Location
- 6500 St. Stephen's Drive Austin, Texas 78746 United States
- 30°19′49.04″N 97°48′58.78″W﻿ / ﻿30.3302889°N 97.8163278°W

Information
- Type: Private, Boarding, Day
- Religious affiliation: Christian
- Denomination: Episcopalian
- Founded: 1950
- Founder: The Rt. Rev. John E. Hines
- Authority: Episcopal Diocese of Texas
- CEEB code: 440315
- Chairperson: The Rt. Rev. Kathryn Ryan
- Head of school: Chris Gunnin
- Faculty: 75
- Grades: 6‒12
- Gender: Coed
- Enrollment: 694
- Average class size: 16
- Student to teacher ratio: 14:1
- Education system: College Preparatory
- Campus size: 370 acres (150 ha)
- Campus type: Suburban
- Colors: Purple and Red
- Athletics: Various
- Athletics conference: Southwest Preparatory Conference Division II
- Mascot: Spartans
- Team name: Spartans
- Endowment: $45 million
- Website: sstx.org

= St. Stephen's Episcopal School (Austin, Texas) =

Private pre school in Austin, Texas, US

St. Stephen's Episcopal School is a private coeducational preparatory boarding and day school in Austin, Texas. Enrollment for the 2019–20 academic year is approximately 694, with 487 students in grades 9–12 and 207 in grades 6–8. Of the school's 694 students, 523 are day students and 171 are boarding students. The school's campus overlooks Lake Austin and is spread across 370 acre of the Texas Hill Country. The school is accredited by The Association of Boarding Schools, Independent Schools Association of the Southwest, the Southwestern Association of Independent Schools, the National Association of Episcopal Schools, the National Association of Independent Schools, National Association for College Admission Counseling, and the Association of College Counselors in Independent Schools.

==History==
Bishop John E. Hines of the Episcopal Diocese of Texas founded St. Stephen's Episcopal School in 1950. He was once quoted as saying that it was the duty of Christians "to live on the bleeding edge of the human dilemma". Hines believed girls should have equal access to education, and St.

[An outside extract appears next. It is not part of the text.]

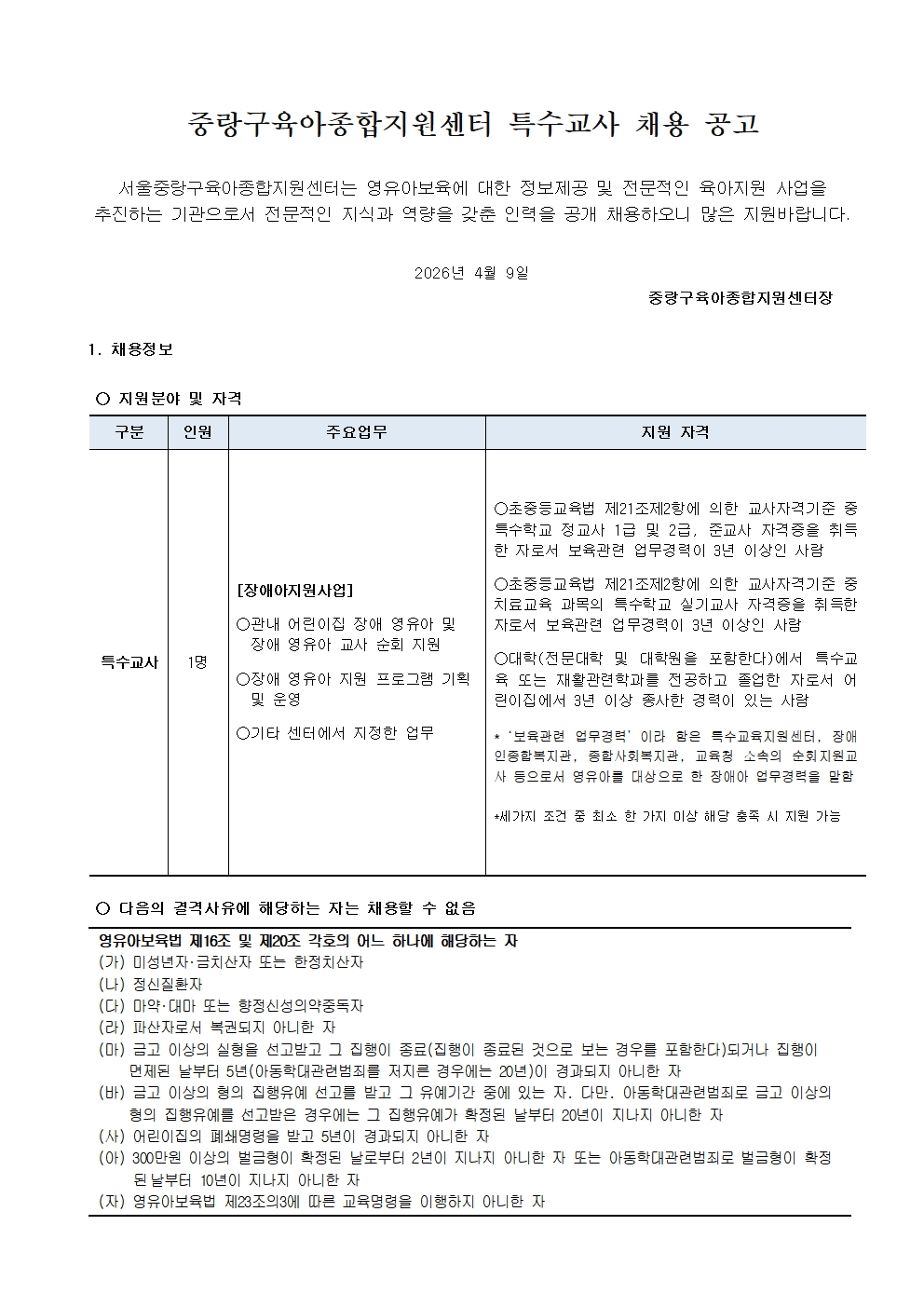 붙임1. 중랑구육아종합지원센터 직원(특수교사) 채용 공고문.pdf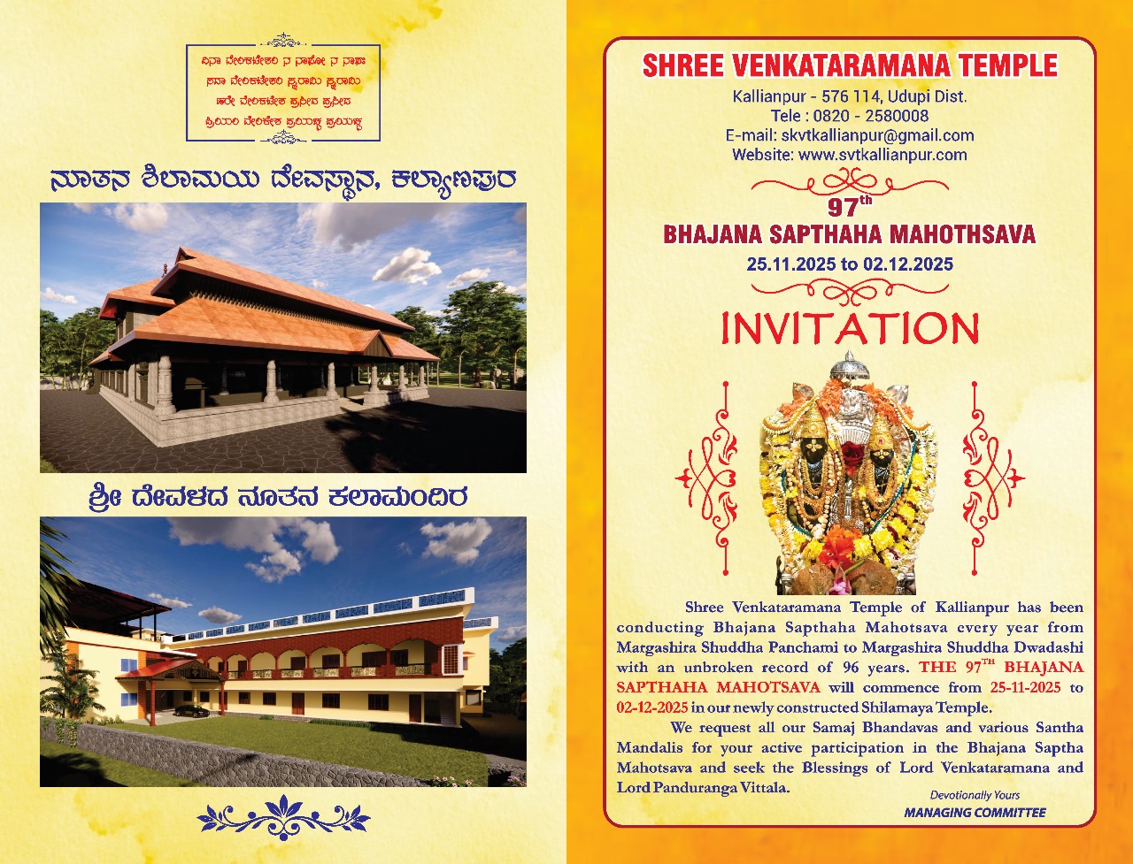 The Bhajana Sapthaha Mahotsava is held in SVT Kallianpur from Marghashira Shuddha Panchami to Marghashira Shuddha Dwadashi. It is strongly believed in our mythology that the Marghashira mhaasa is the holiest and a prominent month in the Hindu calendar. This 7-day non-stop program is celebrated at the lotus feet of Lord Vitobha and Goddess Rukhmai and the presiding deity Lord Venkataramana. It may be noted that the Bhajana Sapthaha Mahotsava started in the year 1929 with the blessings of Lord Venkataramana and the revered mathadeepathis of our samaj. The first ever Bhajana Sapthaha Mahotsava was ably led by Sri K Ramakrishna Kini, Sri T Pattu Panduranga Kini, Sri Raghavendra Prabhu and Sri Malpe Vaman Bhat. They were ably supported by Sri Ammujne Raghavendra Nayak who sponsored Kaaludeepa, Sri Manjunath Baliga who sponsored Deepada atte, Sri Kallikote Venkatesh Shenoy who sponsored kannadi (mirror), Sri Kagal Vamana Pai who sponsored Vitoba Rukumayi murthi and, Sri Krishnaraya Sadashiva Padiyar, Sri Laxman Shenoy, Sri Ramachandra Mallya, Sri K Ramachandra Shenoy and Sri K Ramachandra Baliga.

Stephen's was the first Episcopalian co-educational boarding school in the United States. The school also played a part in the 20th-century Civil Rights Movement as the first integrated boarding school in the South.

==Governance==
St. Stephen's has a board of trustees, including alumni and parents of former students. Day-to-day operations of the school are overseen by a head of school, who is appointed by the board of trustees with the consent of the Bishop of the Episcopal Diocese of Texas."ISAS Standards for Membership" (2019) The current headmaster, Christopher L. Gunnin, was appointed in 2016.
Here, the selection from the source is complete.